Google today announced an update to its Cloud Speech-to-Text and Text-to-Speech APIs that introduces a few new features that should be especially interesting to enterprise users, as well as improved language support and a price cut.

Most of these updates focus on the Speech-to-Text product, but Cloud Text-to-Speech is getting a major update with 31 new WaveNet and 24 new standard voices. The service now also supports seven new languages: Danish, Portuguese/Portugal, Russian, Polish, Slovakian, Ukrainian, and Norwegian Bokmål. These are all in beta right now and extend the list of supported languages to 21 total.

The service now also features the ability to optimize audio playback for specific devices. That sounds like a minor thing, but it allows you to tell a call center application for interactive voice responses and another application for use with a headset.
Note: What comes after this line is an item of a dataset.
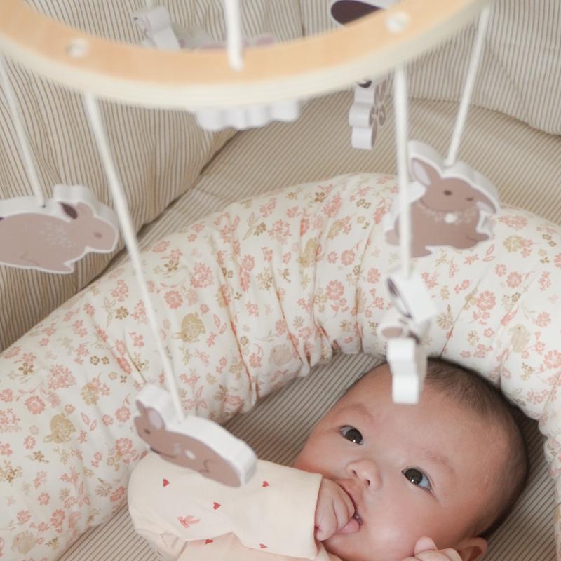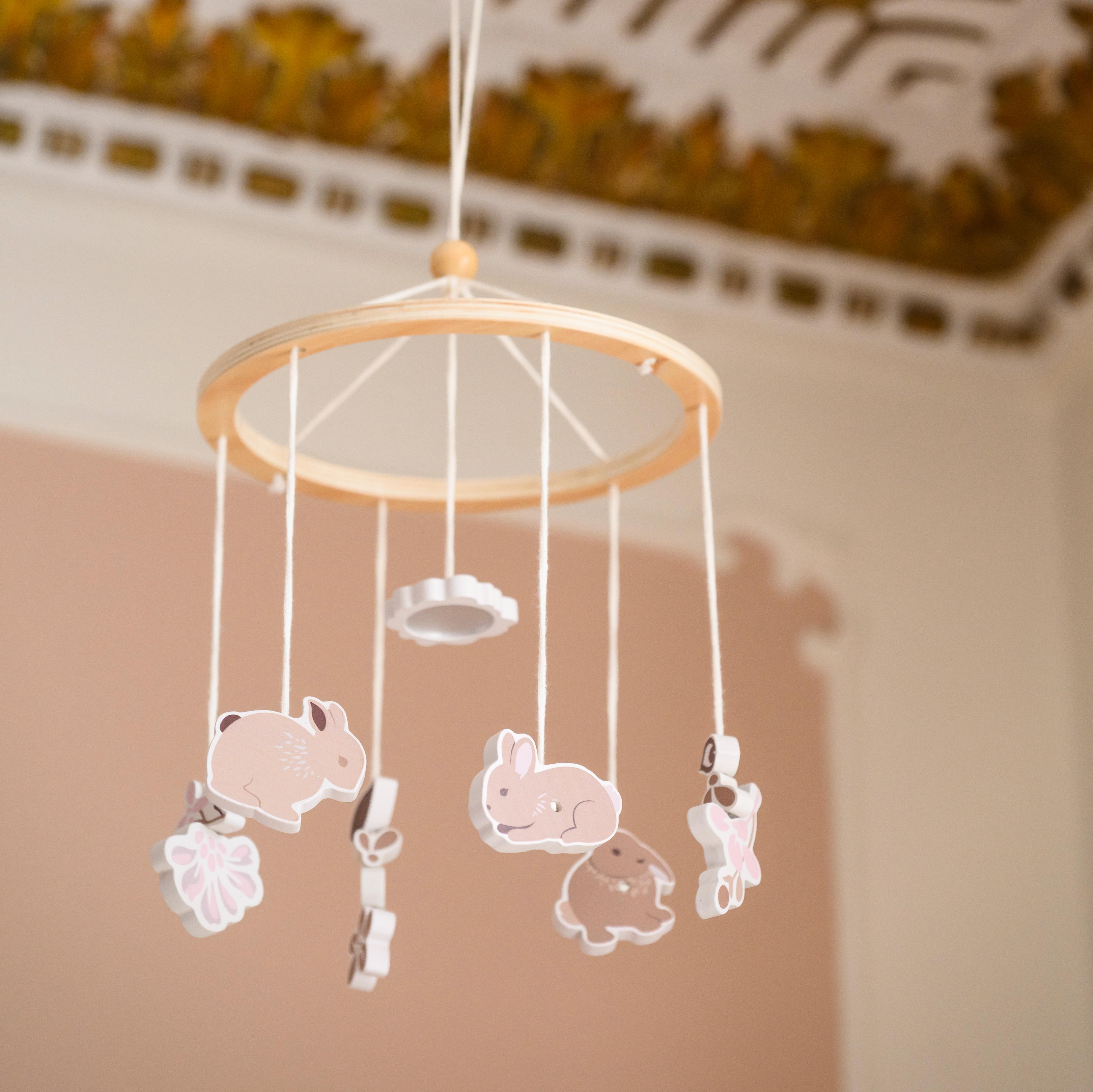 Растительный принт Augusta переносится на подвесные элементы мобиля, создавая ощущение природной гармонии. Бежевые и кремовые тона успокаивают, а не перевозбуждают нервную систему малыша. Текстильные детали мягкие и безопасные, механизм крепления надёжный. Мобиль становится частью продуманного интерьера, где каждая деталь работает на создание атмосферы тишины и защищённости. Скандинавский подход к оформлению детского пространства.

As for Cloud Speech-to-Text, this update focuses on making the service more usable in situations where developers have to support users on multiple channels — think a phone conference. For this, the company introduced multi-channel recognition as a beta last year and now, this feature is generally available.

Similarly, Google’s premium AI models for video and enhanced phones launched into beta last year with the promise of fewer transcription errors than Google’s other model which mostly focuses on short queries and voice commands. This model, too, is now generally available.

In addition to the new features, Google also decided to cut the price for using the Speech-to-Text service. The company decided to cut the prices of the standard and premium video model for transcribing videos for those who opt in to Google’s data logging program by 33 percent. By opting in, you allow Google to use your data to help train Google’s models. The company promises that only a limited number of employees will have access to the data and that it will solely use it to train and improve its products, but chances are not everybody is going to feel comfortable opting in to this, even if it means there’s a discount.

Thankfully, the regular premium video model is now also 25 percent cheaper without having to log in to Google’s data logging. Like before, the first 60 minutes are still free.